Bug 194299

Summary:	correctly rendered text is not copied to clipboard correctly when it contains diacritics
Product:	[Applications] okular	Reporter:	Radu Benea <radub82>
Component:	general	Assignee:	Okular developers <okular-devel>
Status:	RESOLVED NOT A BUG
Severity:	normal
Priority:	NOR
Version First Reported In:	0.8.3
Target Milestone:	---
Platform:	unspecified
OS:	Linux
Latest Commit:		Version Fixed/Implemented In:
Sentry Crash Report:
Attachments:	document demonstrating the problem

Description Radu Benea 2009-05-27 13:12:55 UTC

Version:           0.8.3 (using 4.2.3 (KDE 4.2.3), Gentoo)
Compiler:          x86_64-pc-linux-gnu-gcc
OS:                Linux (x86_64) release 2.6.28-gentoo-r5

text containing diacritics like romanian characters ă,â,î,ș,ț and french characters é,à,ù,û,ç although they are rendered correclty in pdf files the text selection tool does not copy them correctly, only the hats, accents or cedillas are copied.

Comment 1 Pino Toscano 2009-05-27 13:18:29 UTC

Can you please attach a sample document showing the issue?

Comment 2 Radu Benea 2009-05-27 13:41:57 UTC

Created attachment 34044 [details]
document demonstrating the problem

attached file demonstrating the problem, I don't know how to add french to this but I put there romanian and hungarian, this should be enough to prove my point.

Comment 3 Pino Toscano 2009-05-27 14:03:36 UTC

Actually, I get the very same problems with the following PDF viewers:
- Okular + Poppler 0.10.6
- Okular + Poppler HEAD
- Evince + Poppler 0.10.6
- Acrobar Reader 9.1.1
- XPDF 3.02

It looks to me tex system you're using (or how you are using it) generates wrongly-encoded PDF documents.

Comment 4 Radu Benea 2009-05-27 15:41:46 UTC

You seem to be right, I have found a few well written documents myself, thanks for the informantion.

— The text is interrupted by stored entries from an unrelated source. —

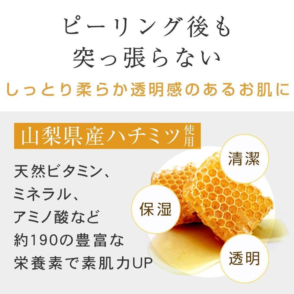 【ピーリング後も突っ張らない】ハチミツは、天然のビタミン、ミネラル、アミノ酸、有機酸、酵素、タンパク質など約190種類の栄養素が含まれている、自然界が生んだお肌に優しいマルチ美肌成分です。エイジングケア・保湿・透明を目指す美容成分も贅沢に配合。
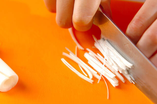 白ネギは長さ3cmに切り、縦に中央まで切り込みを入れて1枚に広げ、縦にせん切りにして水に放つ(白髪ネギ)。シャキッとしたらザルに上げ、キッチンペーパーなどで水気を拭き取る。
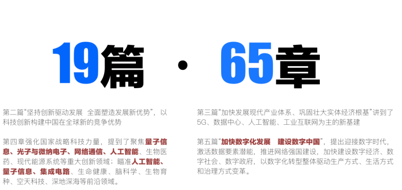 正因為數(shù)字經(jīng)濟如此之重要,中央一號文件、中華人民共和國國民經(jīng)濟和社會發(fā)展第十四個五年規(guī)劃和2035年遠(yuǎn)景目標(biāo)綱要都提到了數(shù)字經(jīng)濟,國務(wù)院正式印發(fā)了《“十四五”數(shù)字經(jīng)濟發(fā)展規(guī)劃》,明確了“十四五”時期推動數(shù)字經(jīng)濟健康發(fā)展的知道思 想、基本原則、發(fā)展目標(biāo)、重點任務(wù)和保障措施,國家發(fā)改委、中華人民共和國工業(yè)和信息化部、國資委、國家住建部、商務(wù)部、交通運輸部、農(nóng)業(yè)農(nóng)村部等都從不同層面做出了數(shù)十項的部署和安排,因為不在本文主要闡述范圍內(nèi),不再贅述。
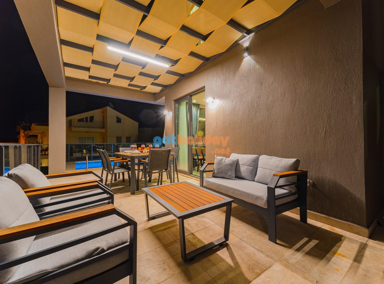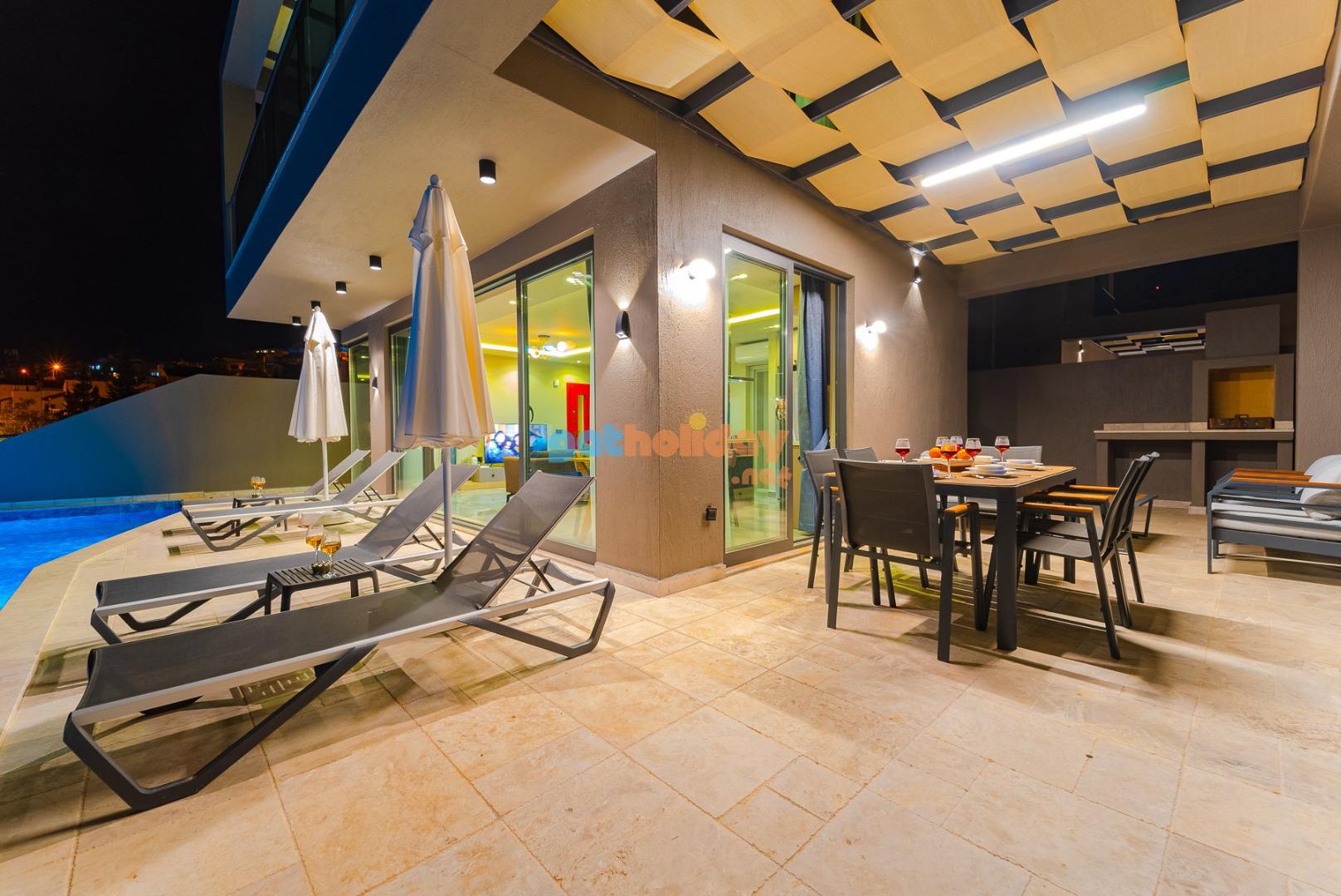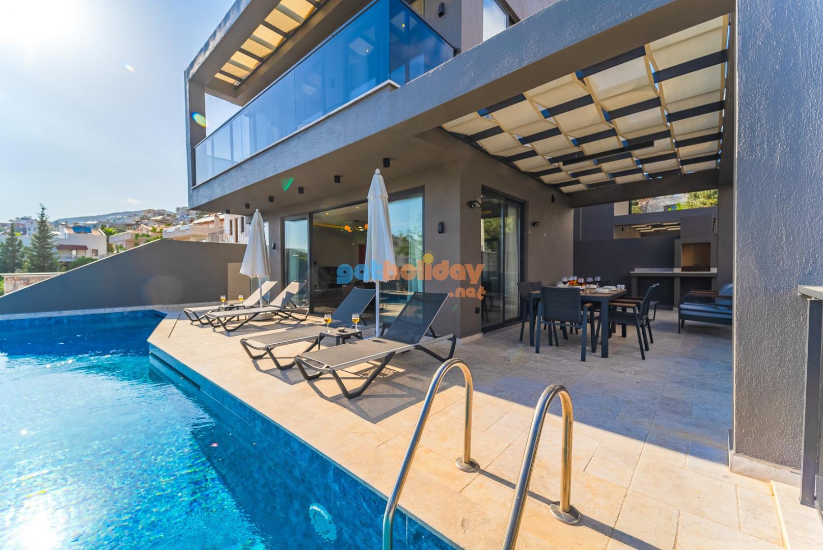 Özel Bahçe : Villamızın bahçesinde güneşlenme terası, 4 Adet şezlong,2 adet güneş şemsiyesi, 6 kişilik bahçe yemek masası, bahçede keyifli dakikalar geçirebilmeniz için bahçe oturma gurubu, BBQ alanı bulunmaktadır
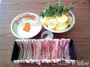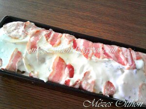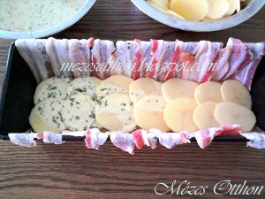 Egy hosszú formát kibélelünk a baconnal, a szeleteket szorosan, kissé átfedve rakjuk egymás mellé. A burgonyát vékony karikákra vágjuk, a tejszínt elkeverjük a tojásokkal, fokhagymával, apróra vágott petrezselyemmel, sóval, borssal ízesítjük.
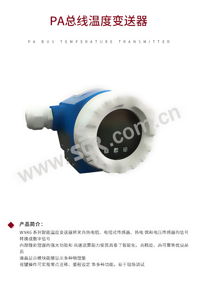 WNK/皖科 PA总线温度变送器 WNK6TAMA PROFIBUS-PA数字通讯 精度±0.075% 可测量气体和液体 LDC液晶显示 供电DC24V 介质温度-20~85℃ 1台

Apparently it's not just me, plenty of pdf documents on the internet have the same problem, example http://tel.archives-ouvertes.fr/docs/00/25/01/37/PDF/these_final.pdf, this last one was not written by me, strangely I have no problem copying chinese text

the tex document started with
\documentclass[a4paper,10pt]{report}

\usepackage[romanian]{babel}
\usepackage{ucs}
\usepackage[utf8x]{inputenc}

and the rest was written plainly in utf8, was saved with encoding utf8 and pdflatex didn't even give a warning except that the romanian language support in babel was missing hyphenation patterns

Comment 5 Pino Toscano 2009-05-29 16:19:06 UTC

Ok, closing this, as it is a problem (= wrong encoding) in generated documents.